There are a few more than 36 here, but the 36 are categories. Dr.Bredesen feels that ALL of these need to be addressed to be sure that you are not missing important pieces that might compromise treatment. While this might seem overwhelming initially, all of these are areas that are commonly evaluated in functional medicine and I believe that if one goes about this systemically, it is quite doable.

Before I put my own spin on this information, I would encourage all of my readers to study this book. It well written, clear, and inspirational. I agree with most of what Dr. Bredesen has written, and do not want to nit pick the differences. Over the years, I have provided the vast majority of these treatments to my patients, and I applaud that he has put this together in a much more comprehensive way, specifically for Alzheimer’s but I suspect it would work well for other neurodegenerative diseases.

There are some components of testing that I am not sure are necessary for all patients. I am primarily a clinician, so I do not think that the MRI or psychoneurological testing is of clinical value (other than documenting improvement, which is crucial to Dr. Bredesen’s research but less so for my patients).
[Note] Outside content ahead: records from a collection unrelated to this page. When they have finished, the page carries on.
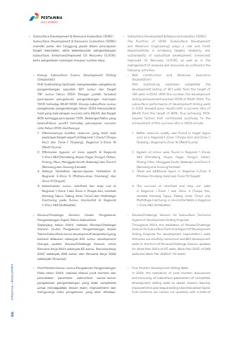 %u2022 Subsurface Development & Resource Evaluation (SDRE)Subsurface Development & Resource Evaluation (SDRE) memiliki peran dan tanggung jawab dalam pencapaian target, keandalan, serta keberlanjutan pengembangan subsurface, Enhanced/Improved Oil Recovery (E/IOR), serta pengelolaan cadangan maupun sumber daya.%u2022 Kinerja Subsurface Sumur Development Drilling(Eksploitasi)PHE Subholding Upstream menyelesaikan pengeboran pengembangan sejumlah 821 sumur dari target 781 sumur tahun 2024. Dengan jumlah tersebut pencapaian pengeboran pengembangan mencapai 105% terhadap RKAP 2024. Kinerja subsurface sumur pengeboran pengembangan tahun 2024 menunjukkan hasil yang baik dengan success ratio 88,6% dari target 80% sehingga pencapaian 110%. Beberapa faktor yang berkontribusi positif terhadap pencapaian success ratio tahun 2024 diantaranya:1. Ditemukannya kualitas reservoir yang lebih baik pada layer target seperti di Regional 1-Zona 1 (Puspa Asri) dan Zona-7 (Subang), Regional 5-Zona 16 (West Qurna).2. Ditemukan bypass oil zone seperti di Regional 1-Zona 2&3 (Pematang, Kopar, Pager, Pungut, Petani, Pinang, Obor, Menggala South, Bekasap) dan Zona 4 (Benuang dan Gunung Kemala).3. Adanya tambahan lapisan-lapisan tambahan di Regional 3-Zona 9 (Mutiara-Area Dondang) dan Zona 10 (Sejadi).4. Keberhasilan sumur interfield dan step out di Regional 1-Zona 1 dan Zona 4 (Puspa Asri, Lembak Kemang Tapus, Talang Jimar Timur) dan Multistage Fracturing pada Sumur Horizontal di Regional 1-Zona 2&3 (Kotabatak). %u2022 Review/Challange Session Usulan Pengeboran Pengembangan Aspek Teknis SubsurfaceSepanjang tahun 2024, realisasi Review/Challange Session Usulan Pengeboran Pengembangan Aspek Teknis Subsurface sumur development (eksploitasi) yang berhasil dilakukan sebanyak 825 sumur development(berupa update Review/Challenge Session untuk Rencana Kerja 2024 sebanyak 65 sumur, Rencana Kerja 2025 sebanyak 648 sumur dan Rencana Kerja 2026 sebanyak 112 sumur).%u2022 Post Mortem Sumur-sumur Pengeboran PengembanganPada tahun 2024, realisasi diskusi post mortem dan pencatatan parameter subsurface sumur-sumur pengeboran pengembangan yang telah completeduntuk mendapatkan lesson learn, improvement dan mengurangi risiko pengeboran yang akan dihadapi. %u2022 Subsurface Development & Resource Evaluation (SDRE)The function of SDRE (Subsurface Development and Reservoir Engineering) plays a role and holds responsibilities in achieving targets, reliability, and sustainability of subsurface development, Enhanced/Improved Oil Recovery (E/IOR), as well as in the management of reserves and resources, as outlined in the following activities.%u2022 Well construction and Workover Execution (Exploitation)PHE Subholding Upstream completed the development drilling of 821 wells from the target of 781 wells in 2024. With this number, the development drilling achievement reached 105% of RKAP 2024. The subsurface performance of development drilling wells in 2024 showed good results with a success ratio of 88.6% from the target of 80%, thus achieving 110%. Several factors that contributed positively to the achievement of the success ratio in 2024 include:1. Better reservoir quality was found in target layers such as in Regional 1-Zone 1 (Puspa Asri) and Zone-7 (Subang), Regional 5-Zone 16 (West Qurna).2. Bypass oil zones were found in Regional 1-Zones 2&3 (Pematang, Kopar, Pager, Pungut, Petani, Pinang, Obor, Menggala South, Bekasap) and Zone 4 (Benuang and Gunung Kemala).3. There are additional layers in Regional 3-Zone 9 (Mutiara-Dondang Area) and Zone 10 (Sejadi)4. The success of interfield and step out wells in Regional 1-Zone 1 and Zone 4 (Puspa Asri, Lembak Kemang Tapus, Talang Jimar Timur) and Multistage Fracturing in Horizontal Wells in Regional 1-Zone 2&3 (Kotabatak). %u2022 Review/Challenge Session for Subsurface Technical Aspect of Development Drilling Proposal Throughout 2024, the realization of Review/Challenge Session for Subsurface Technical Aspect of Development Drilling Proposal for development (exploitation) wells that were successfully carried out was 825 development wells (in the form of Review/Challenge Session updates for Work Plan 2024 of 65 wells, Work Plan 2025 of 648 wells and Work Plan 2026 of 112 wells).%u2022 Post Mortem Development Drilling WellsIn 2024, the realization of post mortem discussions and recording of subsurface parameters of completed development drilling wells to obtain lessons learned, improvements and reduce drilling risks that will be faced. Post mortems are carried out quarterly with a total of Laporan Tahunan %u2022 Annual Report 188HULU ENERGI
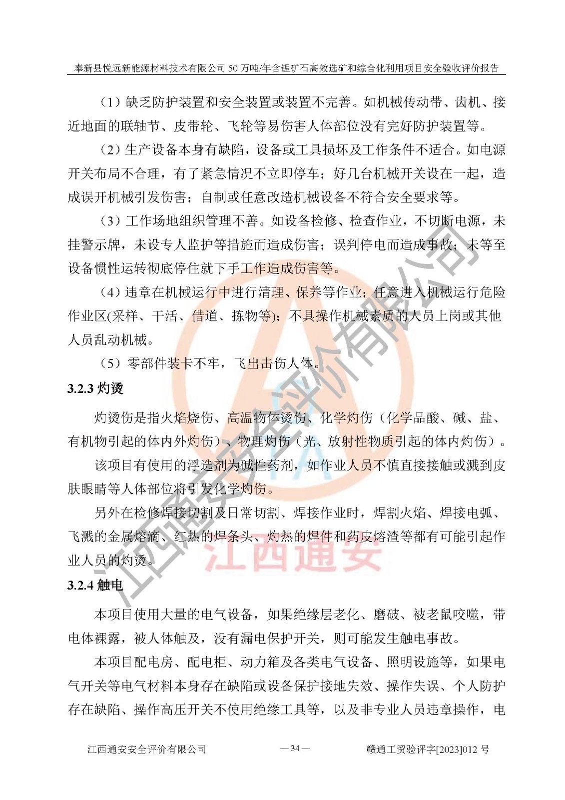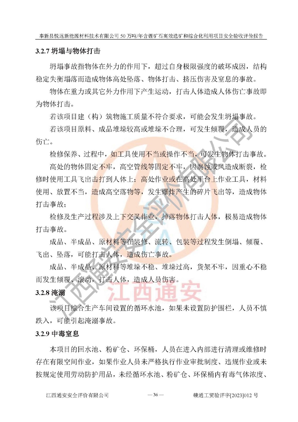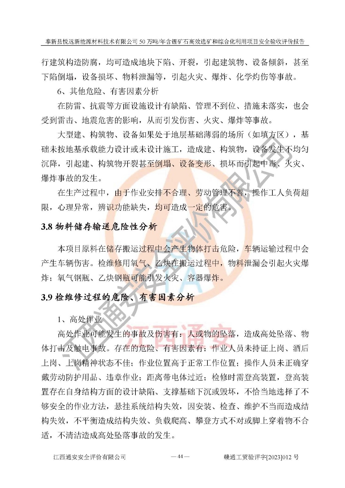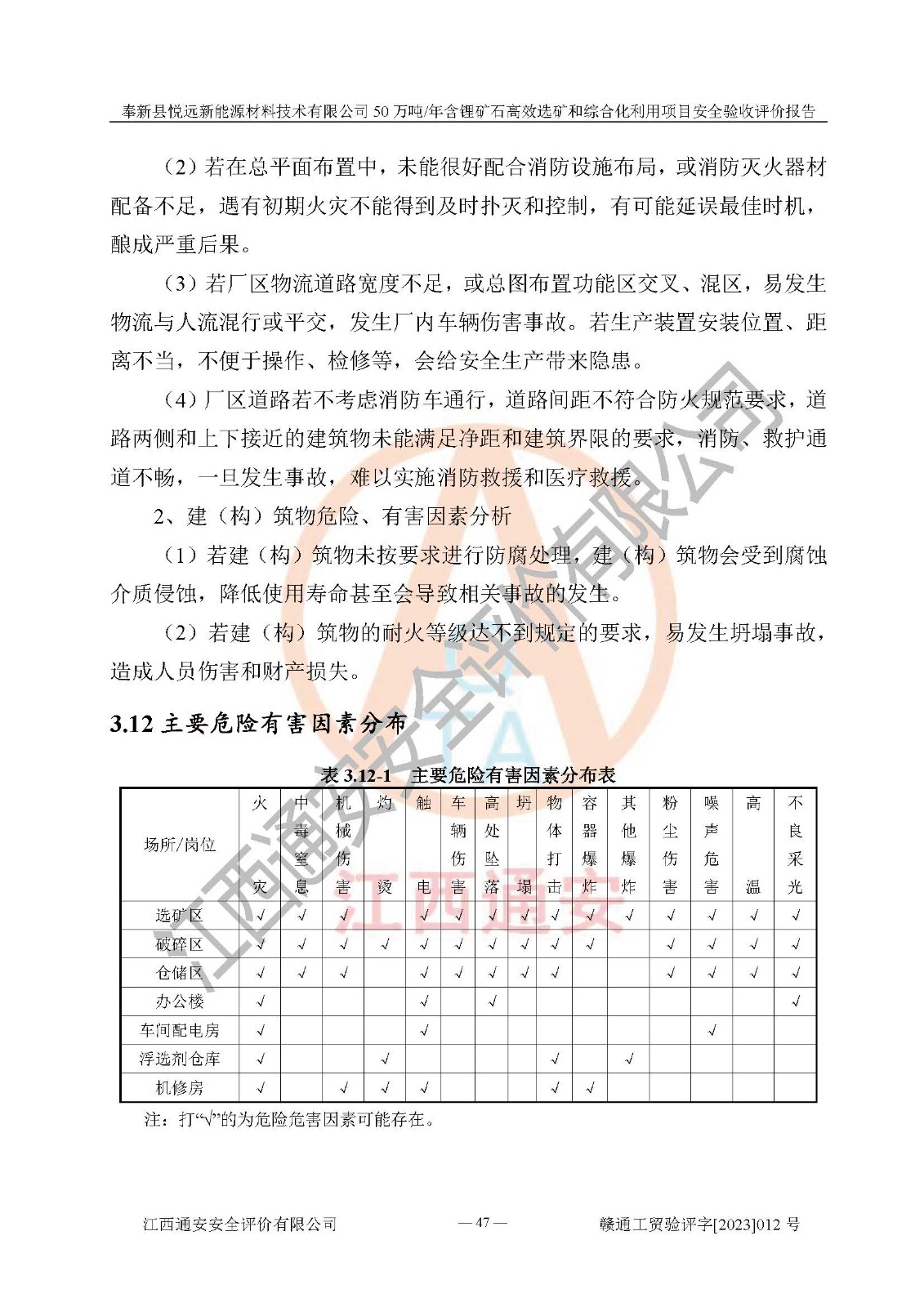 項(xiàng)目簡(jiǎn)介 | 奉新縣悅遠(yuǎn)新能源材料技術(shù)有限公司成立于2017年12月08日,統(tǒng)一社會(huì)信用代碼:91360921MA7M04EXX5,注冊(cè)地址江西省宜春市奉新縣赤岸鎮(zhèn)城下村白塔組,注冊(cè)資金伍佰萬(wàn)元整,經(jīng)營(yíng)范圍:一般項(xiàng)目:新材料技術(shù)研發(fā),選礦,礦物洗選加工,非金屬礦及制品銷售,非金屬礦物制品制造,金屬礦石銷售(除許可業(yè)務(wù)外,可自主依法經(jīng)營(yíng)法律法規(guī)非禁止或限制的項(xiàng)目)。本項(xiàng)目為50萬(wàn)噸/年含鋰礦石**選礦和綜合化利用項(xiàng)目,總投資12000萬(wàn)元。 本項(xiàng)目于2022年04月03日在奉新縣發(fā)展和改革委員會(huì)備案(項(xiàng)目統(tǒng)一代碼為:2204-360921-04-01-990773)(奉發(fā)改發(fā)[2022]112號(hào)),2022年6月組織技術(shù)人員編制了《奉新縣悅遠(yuǎn)新能源材料技術(shù)有限公司年選 40萬(wàn)噸含鋰長(zhǎng)石礦項(xiàng)目選址安全條件論證報(bào)告》,2022年11月委托中裕工程集團(tuán)有限公司編制了《奉新縣悅遠(yuǎn)新能源材料技術(shù)有限公司50萬(wàn)噸/年含鋰礦石**選礦和綜合化利用項(xiàng)目安全設(shè)施設(shè)計(jì)》并于2022年12月18日通過了專家審查。本項(xiàng)目外購(gòu)含鋰長(zhǎng)石礦,通過破碎、球磨、磁選、浮選、濃密、脫水等工藝后*終產(chǎn)出鋰云母、精品鉀鈉長(zhǎng)石粉及精品陶瓷泥。其中在生產(chǎn)工藝中主要涉及的化學(xué)品為聚丙烯酸酰胺、鋰云母捕收劑,檢維修工序使用到的氧氣、乙炔以及裝載車使用到的燃料柴油。經(jīng)辨識(shí),該項(xiàng)目不構(gòu)成危險(xiǎn)品重大危險(xiǎn)源。根據(jù)生產(chǎn)工藝特點(diǎn)及物料的理化特性可知,該項(xiàng)目生產(chǎn)過程中存在火災(zāi)、爆炸、機(jī)械傷害、灼燙、觸電、**傷害、高處墜落、坍塌、物體打擊、淹溺、中毒窒息、其他傷害等危險(xiǎn)有害因素。 | ||||
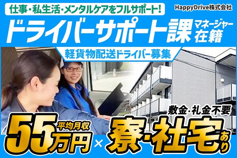 PR・職場情報 ドライバーさんが働きやすい環境づくりを心掛けており、 仕事や私生活までフルサポートするドライバーサポート課を設けております。 「今月はたくさん稼ぎたい」「自由に休みたい」「安定的に稼ぎたい」等 自分のライフスタイルに合わせて働くことが出来ます。 将来的に独立を考えられている方もしっかりサポートいたしますので、 ぜひご応募ください。 求人の特徴 【応募~契約までの流れ】 (1)応募(電話とショートメッセージでご連絡します) (2)面接(オンライン可) (3)ご契約、勤務開始! 履歴書は不要、WEB面接も実施中! 最短で即日勤務も可能です。 ハローワークでお仕事を探されている方や未経験の方などお気軽にお問合せください!! 【当社独自のHAPPY育成プログラム】 4000社以上が導入している「識学」の考えを元に、 「育成プログラム」と「評価制度」を構築! 当社独自の研修資格を持った優良ドライバーがサポートし、 未経験の方でも安心して働くことが出来る環境づくりを行っています。 また、あなたの頑張り次第で収入が上がる評価制度を実施しており、 別の企業で配送がうまくいかなかった方や、運送業未経験の方でも問題ありません! 効率よく誰もが稼げるコツをお伝えします。 求人ポイント 社員登用あり,昇給あり,高収入・高月給,即日勤務OK,急募,昇格あり,フリーター歓迎,大量募集,学歴不問,未経験者歓迎,経験者歓迎,週払いOK,リモート面接OK,ブランクOK,履歴書不要,友達と応募OK,寮・社宅あり,独立支援あり

I have not found the Cyrex Arrays helpful clinically and they are expensive. If one were to focus on the basic chemistry (items 1-25) mold and Lyme I think this would cover the known causes of Alzheimer’s reasonably well and provide an excellent starting point for evaluation and treatment. Having said that, please do not lose sight of what is really important: Dr. Bredesen’s ReCODE program provides true hope for improvement and reversal of Alzheimer’s disease and this is something that no one else is offering. Yes, there may be some expense to testing and treatment, but that would be a drop in the bucket compared to the expenses for medical care and caregivers over many years. The benefits to patients and families who will see their loved ones improve and function better are incalculable. Given the options of watching your parents descend into a spiral of despair and hopelessness, or doing everything possible to heal them, is there really any other choice?  Finally, we have one, thanks to Dr. Bredesen.